My predicament is laughable. I am not sure where I’d be safer; in South Africa or in the first world country I current live in. At the UK death rate, Africans will be donating funds to the west and changing channels to avoid adds with dying Europeans and donations for R1 that can feed a suburb for a day. Who am I kidding? The West has ravaged the continent to such extremes that their worst days are still far from Africa’s best. It is quite a turn of events to say the least, one that none of us ever saw coming when we welcomed a 20-plenty decorated with new adventures, starting businesses, planning weddings, praying for great jobs… Do I regret moving? I’m not sure, depends on whether or not I die.
Just before the outbreak took hold, I had taken a social media hiatus to reconfigure my state of mind to a new reality in the UK. So naturally as it spread, I dug a bit more and buried my head a little deeper in the sand, maybe to the level of the waterbed. Once a week, I lift my head up from the ground, dust off the sand, and head to the supermarket smelling like a fresh carrot; shopping bag and sanitizer in hand, intent on only touching what I am sure to buy. It is in these moments that reality either slaps me sideways or squeezes me so tight, tears well in my eyes.

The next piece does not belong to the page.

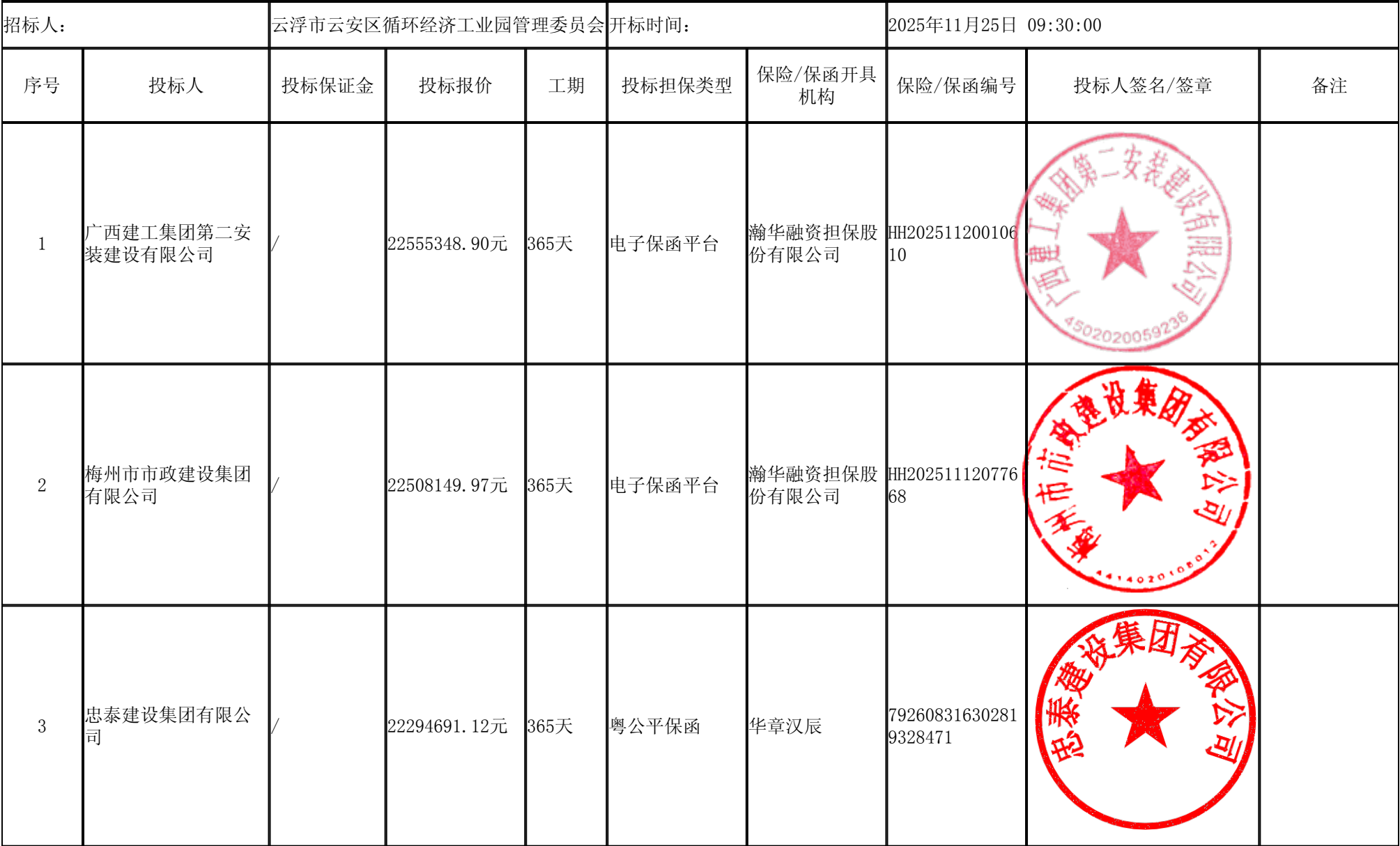
云浮循环经济工业园青洲大道消防救援站工程施工 开标记录表

What began as bewilderment that first Saturday when I walked through Tesco’s empty shelves has matured into a constant state of shock. They had hung up banners of a sale which partly explained why people had bought out certain products, but people had also bought things that weren’t on sale. I figured the English were more sale crazy than I had anticipated. The following day, I went to Sainsbury and a similar scene panned into view. Only this time I was slowly lowered into an alternate dimension as it dawned on me that people had been panic buying. I watched as we all ‘zombied’ through the store, aghast! This was happening to me, to us.

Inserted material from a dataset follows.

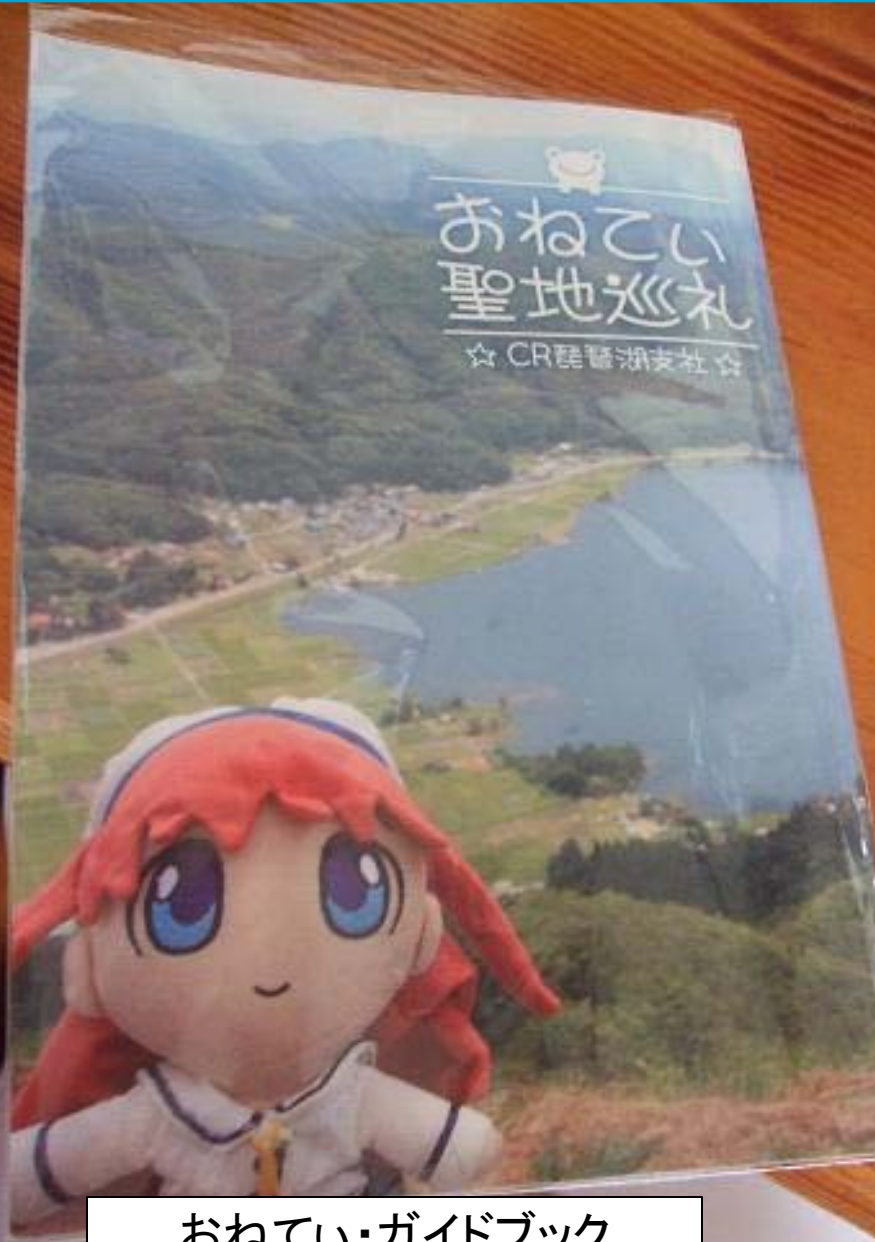
おねてい・ガイドブック

Something about the loneness of it all sets me in a room with the transfigured 12-year-old me who kissed a boy in my first blog share. She was able to do this because our mother had left her behind in the guardianship of Priscila’s family who lived in the backroom next door to ours in Chiawelo. It was the year my mother finally got a suited job but in Giyani, so she couldn’t come back for me or take me out of school mid-term. For a few months I tried to assimilate with the “Ndou’s’” until I decided i was better off caring for myself. My parents consented and so the food portion of the money sent to the ‘Ndous’ for my wellbeing, now came directly to me. Once monthly, I’d catch a taxi from Chiawelo to Bara and then connect to South Gate Mall. I remember a diet of boiled chicken, undercooked pap, and lots of eggs. I was a big girl who’d once left a pan teeming with oil over a hot stove distracted by street play. I returned to a room up in smoke and never told a soul about it because I was determined to assert and keep my independence. Arg that little girl, that spirit, that will and resolve to throttle life. I could do with a bit more of her courage.
Though doubly burdened for home and here, faith anchors a shifting soul. I pray for headway in vaccine research, I pray that when this all ends, we will care for the earth better, only using what we need, when we need it. May we never again need a stark reminder of our own fragility – like the morning dew, like withering grass.
Oh God – Look what has become of us.